NEW YORK—Paula Cooper Gallery is pleased to present Still Life & Kicking, a group show curated by Dodie Kazanjian for Vogue. The exhibition will be on view at 534 West 21st Street from May 10 through June 8, 2007.
Motivated by an interest in how contemporary artists might challenge, subvert or recast traditional still life, Kazanjian has chosen to exhibit works by 14 artists from Europe and the United States. Many of the still lifes were commissioned by Vogue and photographed for the magazine’s June issue.
The participating artists are: John Baldessari, Maurizio Cattelan, John Chamberlain, Paul Chan, Chuck Close, George Condo, Rachel Harrison, Sherrie Levine, Elizabeth Peyton, Pipilotti Rist, Hannah van Bart, Dan Walsh, Lawrence Weiner, and Franz West.
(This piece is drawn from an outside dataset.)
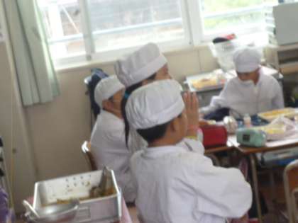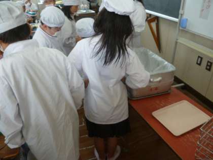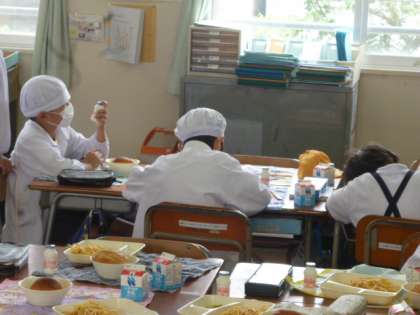 給食の準備中です。てきぱきと当番さんが動いてくれています。おいしくいただきます。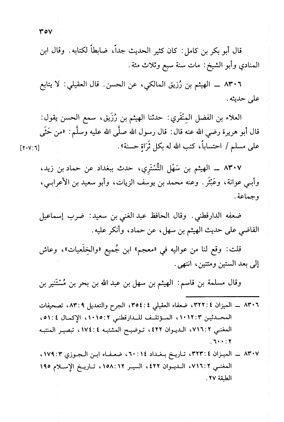 8307 - الهيثم بن سهل [بن عبد الله بن بحر بن مستنير بن مدرك بن صعصعة بن صخر الزبيدي] التستري [أَبُو بشر]

The term “still life” usually denotes painted arrangements of inanimate objects such as fruit and flowers, books or musical instruments. The genre flourished in 17th century Europe, particularly in the Netherlands, where a newly formed middle class was beginning to replace the Church and the aristocracy as principal patrons of the arts. Free of the weight of class and religion, artists were free to pursue more naturalistic styles independent of prescribed imagery. Thus was born a symbolic language to critique the emerging bourgeoisie’s materialism and other middle-class concerns.
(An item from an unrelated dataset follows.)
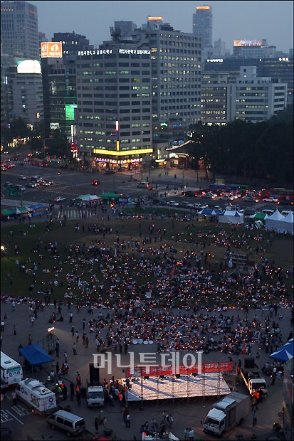 이날 오후 2시 이명박 대통령이 미국산 쇠고기 수입 파동과 관련한 대국민 담화에서 "뼈저리게 반성한다", "대운하도 국민이 반대하면 안한다"고 발표했지만 서울광장에 촛불은 꺼지지 않았습니다.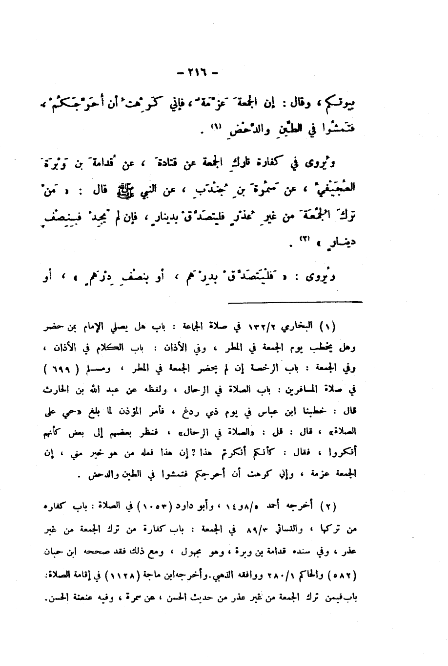 وَيُرْوَى فِي كَفَّارَةِ تَارِكِ الْجُمُعَةِ، عَنْ قَتَادَةَ، عَنْ قُدَامَةَ بْنِ وَبْرَةَ الْعُجَيْفِيِّ، عَنْ سَمُرَةَ بْنِ جُنْدُبٍ، عَنِ النَّبِيِّ صَلَّى اللهُ عَلَيْهِ وَسَلَّمَ، قَالَ: «مَنْ تَرَكَ الْجُمُعَةَ مِنْ غَيْرِ عُذْرٍ فَلْيَتَصَدَّقْ بِدِينَارٍ، فَإِنْ لَمْ يَجِدْ فَبِنِصْفِ دِينَارٍ».

Artistic training soon became formalized in the academy, which in turn favored hierarchically based subject matter, which eclipsed popular genre painting. Genre painting regained popularity with the rise of Impressionism and Post-impressionism, and the fiercely anti-academic work of artists such as Courbet and Van Gogh. For Cézanne in particular, the still life became an ideal vehicle for experiments with spatial organization of shapes, anticipating the development of Cubism.
In the United States, the still life tradition gained ground in the early 1800s, and by the 20th century Stuart Davis, Marsden Hartley, and Georgia O’ Keefe, among others, revealed the impact of European Modernism in their interpretations of genre painting. Major photographers of the 20th century, including Man Ray and Edward Weston also reinvigorated the genre. Pop artists Andy Warhol, Roy Lichtenstein, Wayne Thiebaud and Tom Wesselman offered diverse styles of the still life while also celebrating the ironies of our consumer culture. With boundaries greatly expanded, the still life continues to inspire contemporary artists and allow each of us to appreciate the everyday objects that surround us.
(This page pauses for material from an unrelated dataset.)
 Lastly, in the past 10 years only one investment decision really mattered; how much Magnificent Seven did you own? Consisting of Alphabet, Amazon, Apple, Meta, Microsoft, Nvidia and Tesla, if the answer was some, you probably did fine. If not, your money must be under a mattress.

Vogue’s Editor at Large and the Director of Gallery Met at the Metropolitan Opera, Dodie Kazanjian lives and works in New York. Still Life & Kicking is the third gallery exhibition organized by Kazanjian for Vogue. In 2003, Deitch Projects inaugurated their SoHo space with Self Portraits: A Vogue Portfolio and Mitchell-Innes & Nash exhibited Nudes in Vogue in their Chelsea gallery in 2005.